> _What needs to be done_
Given these entries, repeat exactly the lines starting with the one that has "在数据总结篇,广州沸点会展总" and going on through the one that has "Comprehend is a", both included, but none of the pictures.
··· Dataset entries ···
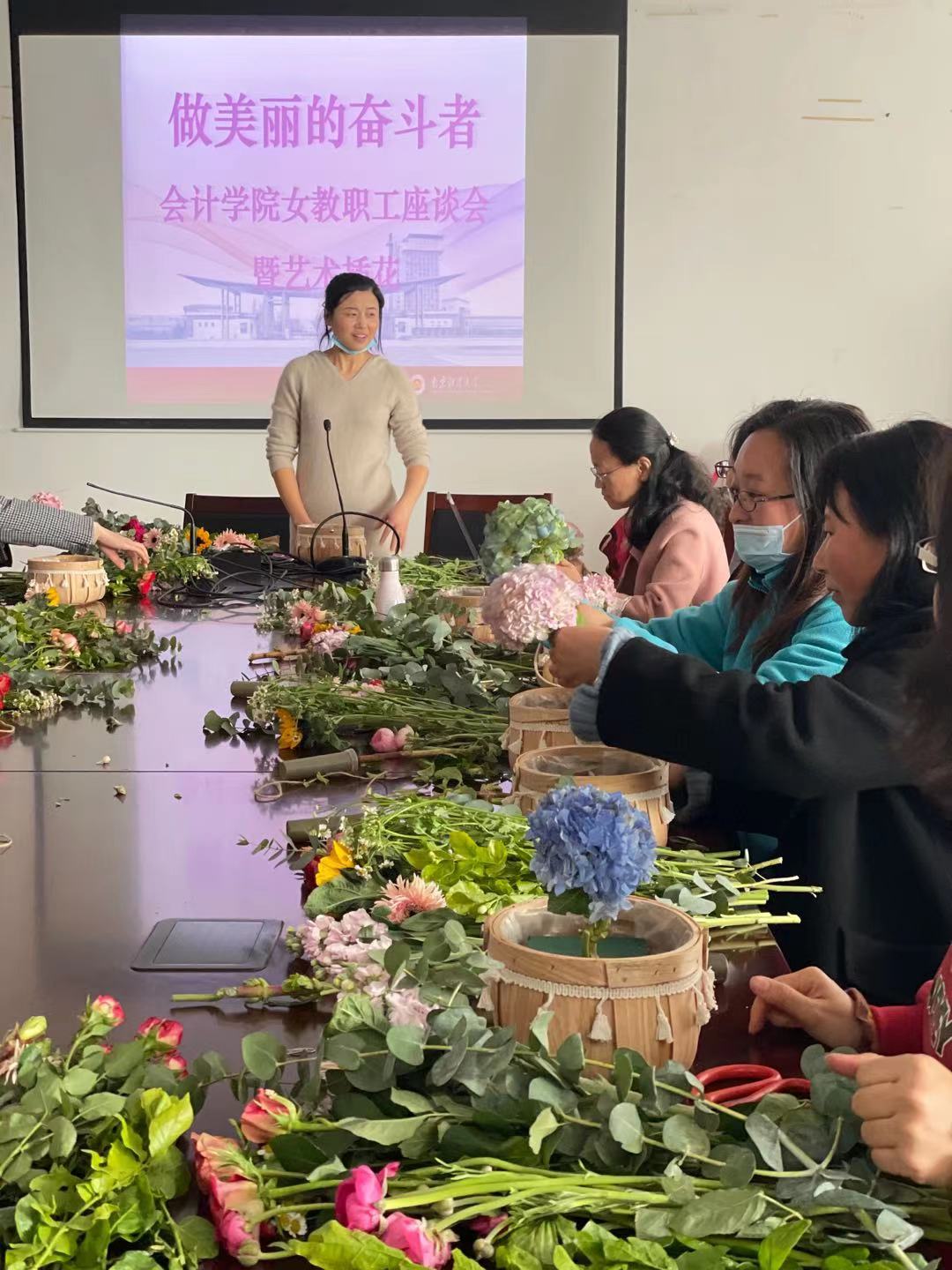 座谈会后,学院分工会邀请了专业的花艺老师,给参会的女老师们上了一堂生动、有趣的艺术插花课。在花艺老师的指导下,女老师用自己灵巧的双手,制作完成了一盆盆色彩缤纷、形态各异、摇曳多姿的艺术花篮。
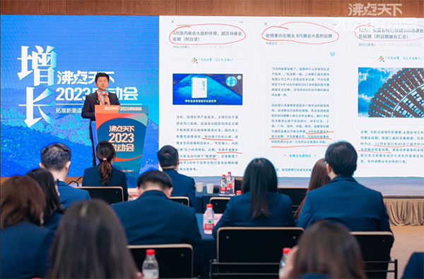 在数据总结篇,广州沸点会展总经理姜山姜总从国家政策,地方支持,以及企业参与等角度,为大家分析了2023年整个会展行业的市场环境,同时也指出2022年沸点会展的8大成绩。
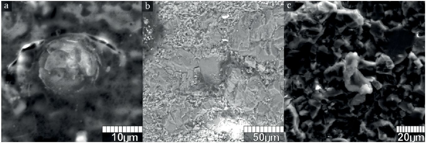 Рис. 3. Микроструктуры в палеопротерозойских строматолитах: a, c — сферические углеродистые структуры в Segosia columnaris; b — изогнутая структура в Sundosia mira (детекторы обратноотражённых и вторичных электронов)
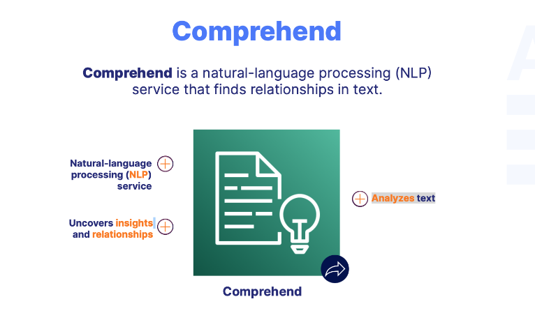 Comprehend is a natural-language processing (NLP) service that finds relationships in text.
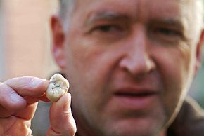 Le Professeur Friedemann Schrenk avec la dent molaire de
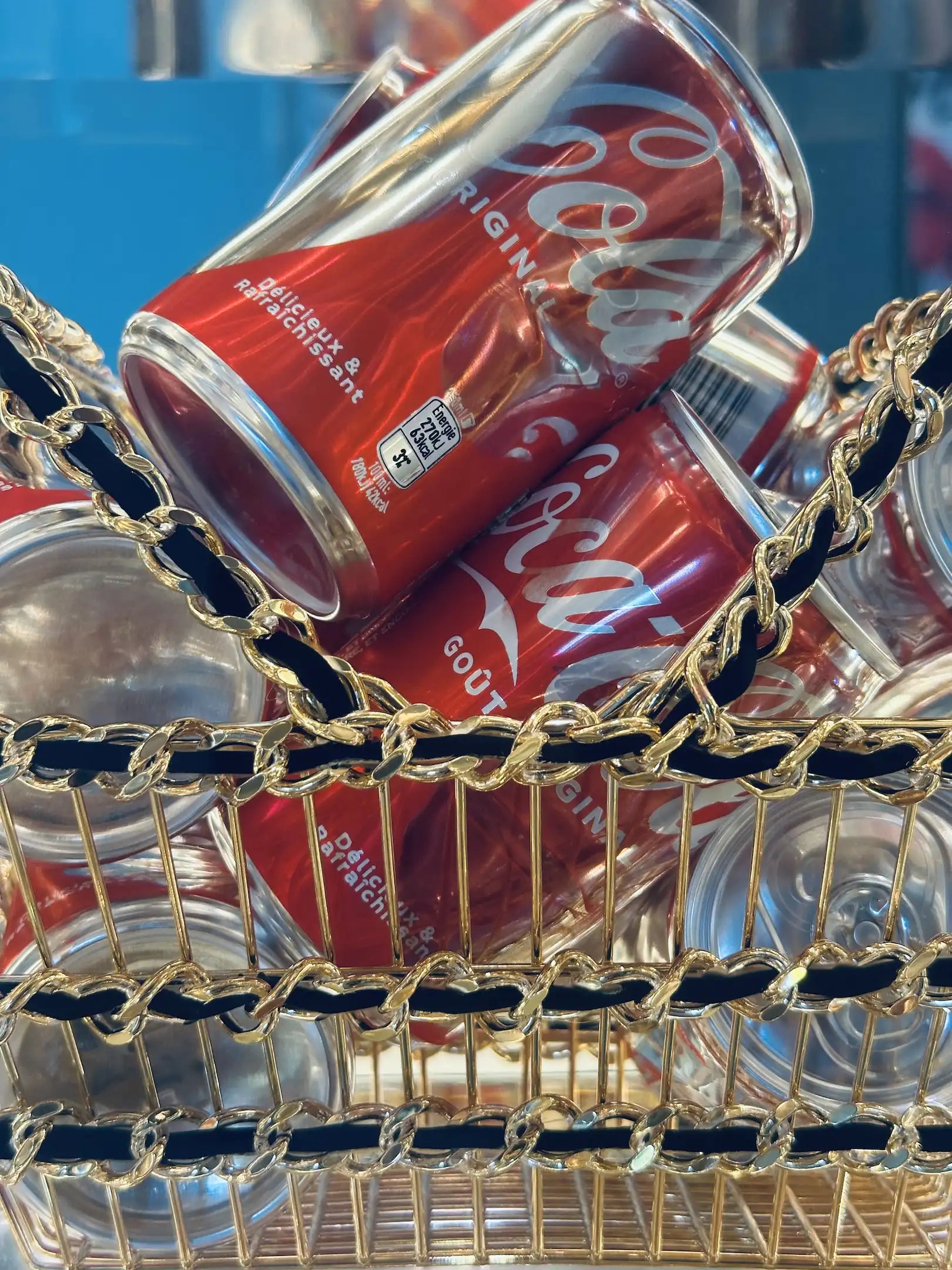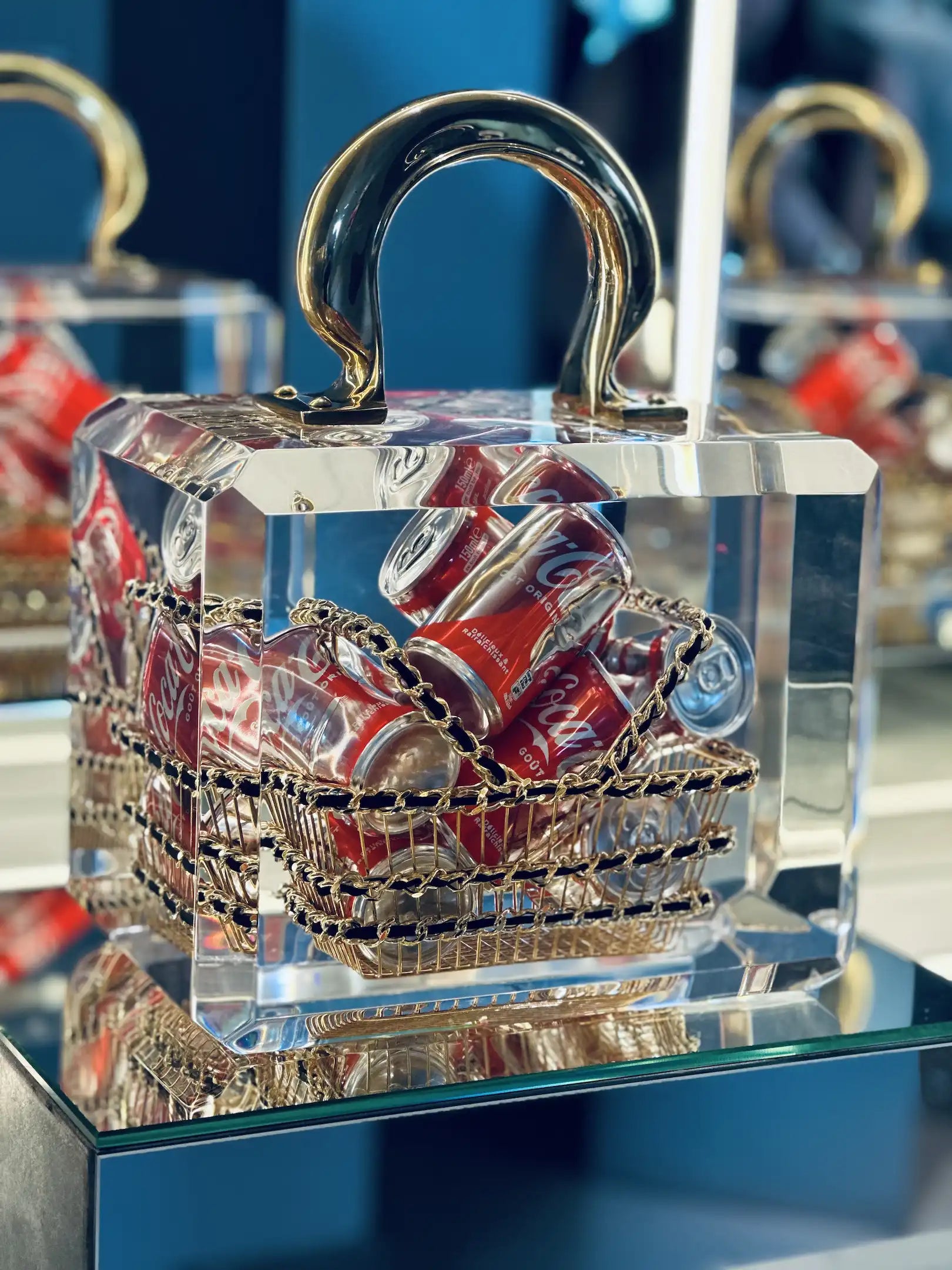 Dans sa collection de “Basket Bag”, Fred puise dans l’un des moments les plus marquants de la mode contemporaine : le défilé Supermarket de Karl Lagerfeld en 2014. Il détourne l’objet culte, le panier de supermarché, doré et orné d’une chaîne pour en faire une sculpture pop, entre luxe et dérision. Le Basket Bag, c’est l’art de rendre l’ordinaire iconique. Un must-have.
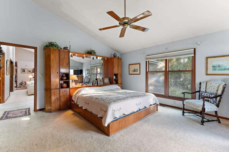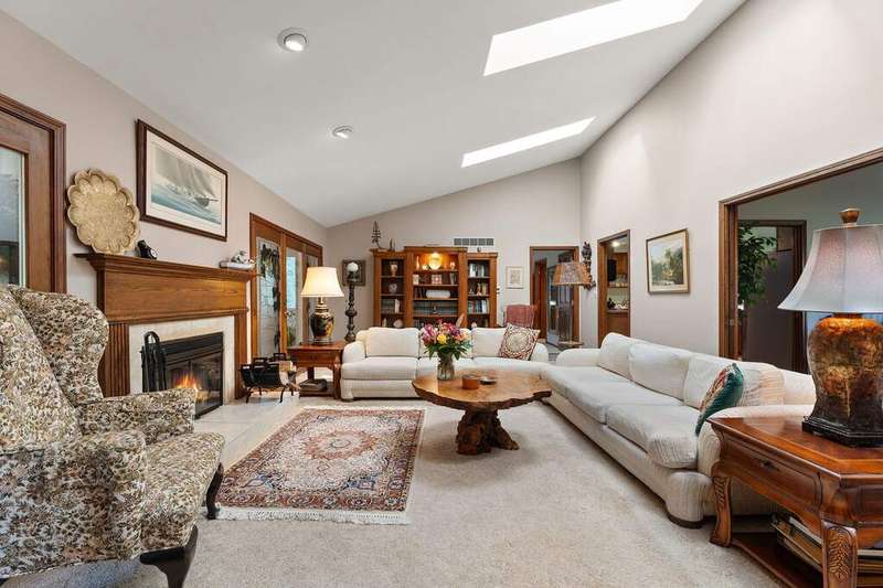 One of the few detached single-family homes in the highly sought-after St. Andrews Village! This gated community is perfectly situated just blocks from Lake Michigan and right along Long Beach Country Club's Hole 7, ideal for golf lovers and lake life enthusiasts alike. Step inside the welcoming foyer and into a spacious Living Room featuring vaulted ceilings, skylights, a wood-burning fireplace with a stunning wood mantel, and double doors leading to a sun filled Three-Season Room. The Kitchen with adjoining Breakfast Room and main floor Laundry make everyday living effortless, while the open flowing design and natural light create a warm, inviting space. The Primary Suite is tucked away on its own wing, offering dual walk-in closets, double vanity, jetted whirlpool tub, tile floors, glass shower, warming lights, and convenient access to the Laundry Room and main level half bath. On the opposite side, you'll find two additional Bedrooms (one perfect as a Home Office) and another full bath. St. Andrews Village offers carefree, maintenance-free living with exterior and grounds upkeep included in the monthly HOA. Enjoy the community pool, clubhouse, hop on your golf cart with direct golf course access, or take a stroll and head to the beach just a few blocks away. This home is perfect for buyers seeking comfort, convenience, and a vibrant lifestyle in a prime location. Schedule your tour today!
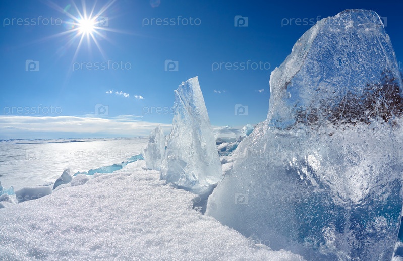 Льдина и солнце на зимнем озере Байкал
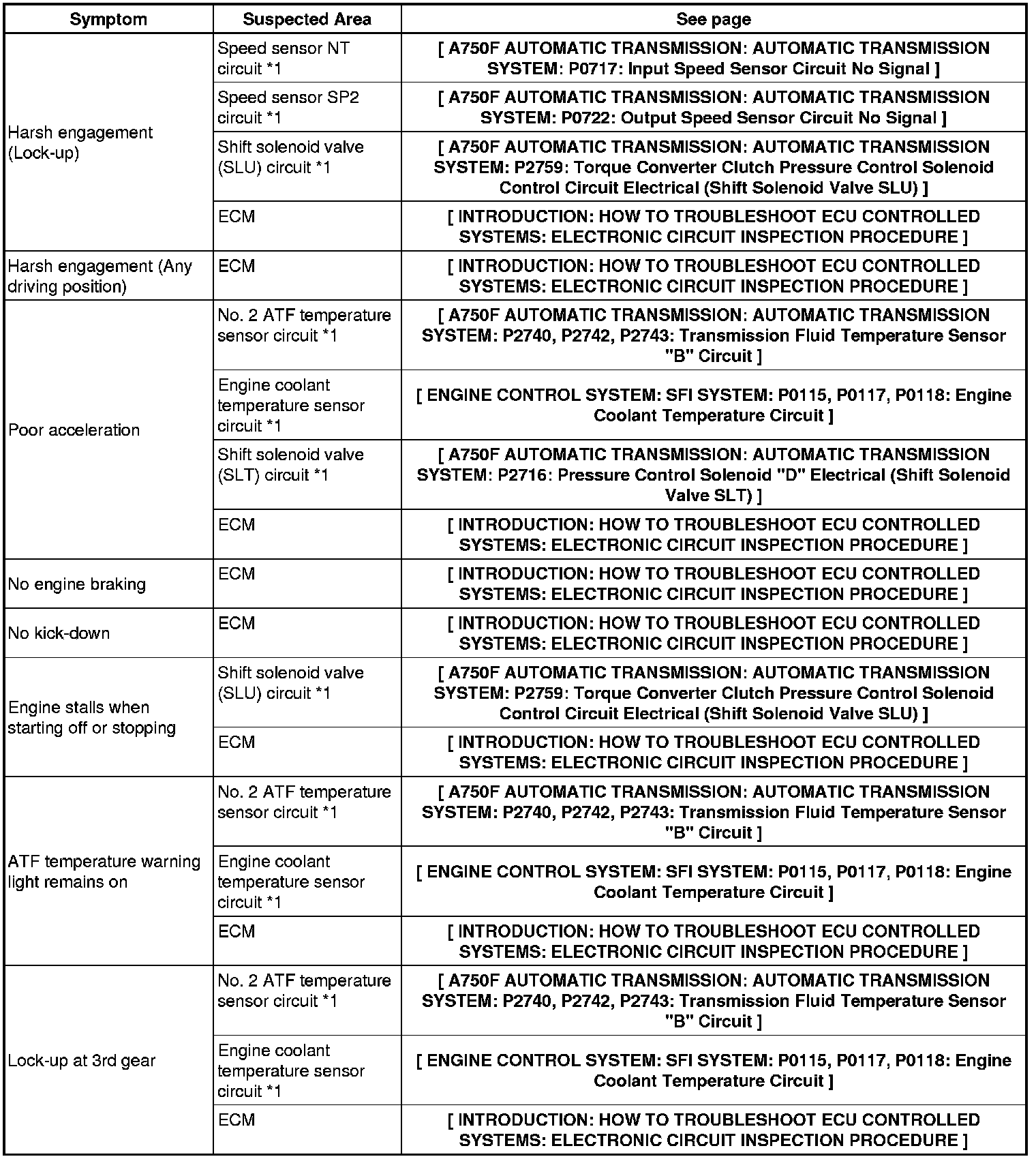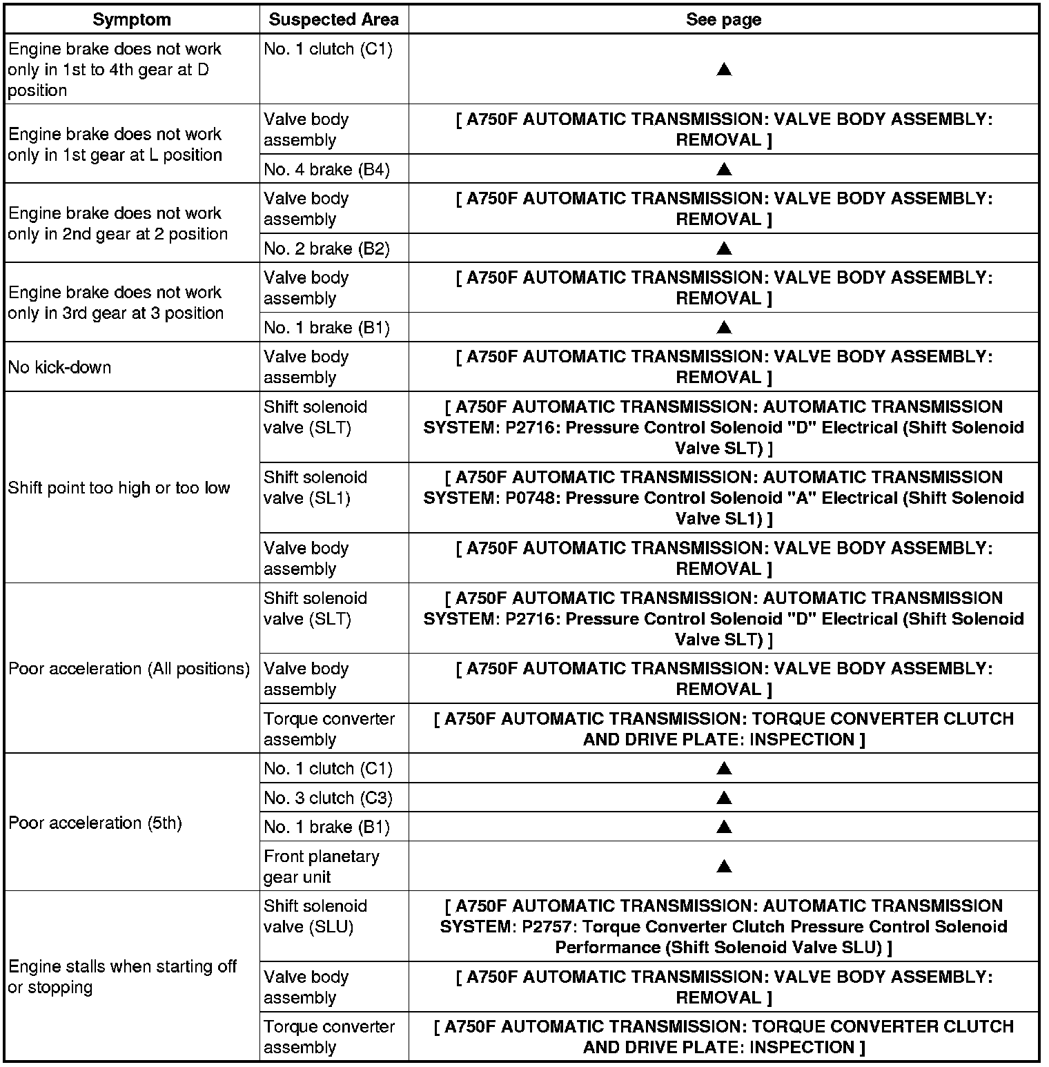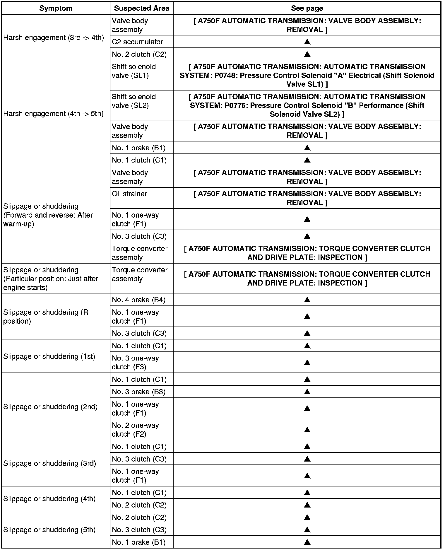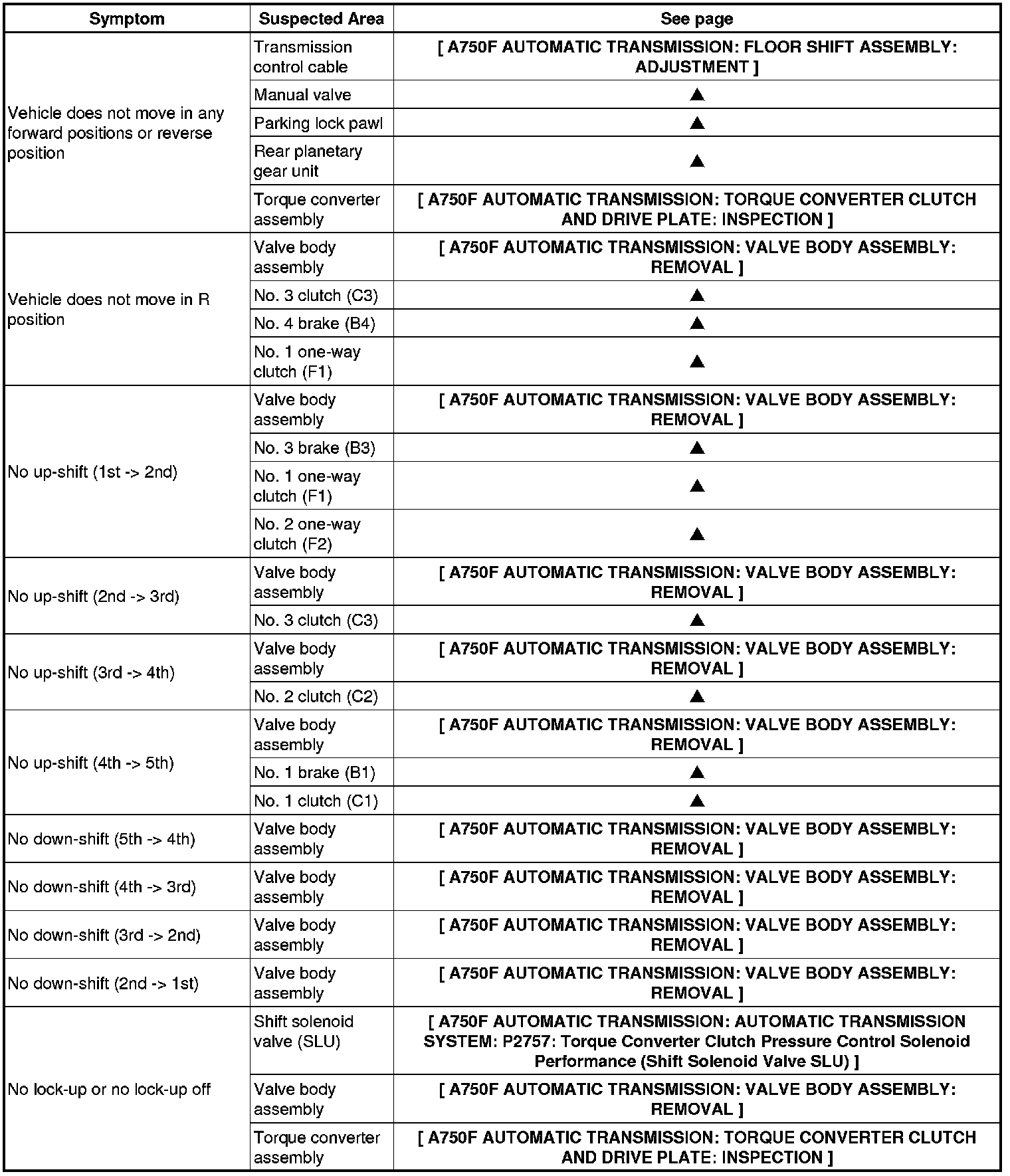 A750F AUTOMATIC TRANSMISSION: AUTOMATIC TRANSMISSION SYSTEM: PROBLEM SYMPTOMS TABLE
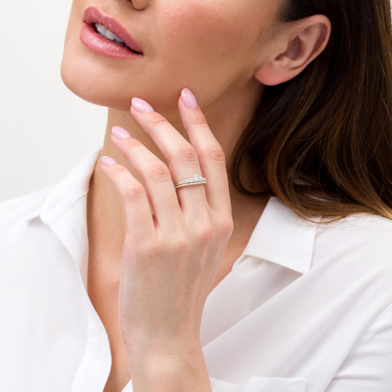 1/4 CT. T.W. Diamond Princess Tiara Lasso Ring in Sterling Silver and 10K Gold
···
> _Task result_
 在数据总结篇,广州沸点会展总经理姜山姜总从国家政策,地方支持,以及企业参与等角度,为大家分析了2023年整个会展行业的市场环境,同时也指出2022年沸点会展的8大成绩。
 Рис. 3. Микроструктуры в палеопротерозойских строматолитах: a, c — сферические углеродистые структуры в Segosia columnaris; b — изогнутая структура в Sundosia mira (детекторы обратноотражённых и вторичных электронов)
 Comprehend is a natural-language processing (NLP) service that finds relationships in text.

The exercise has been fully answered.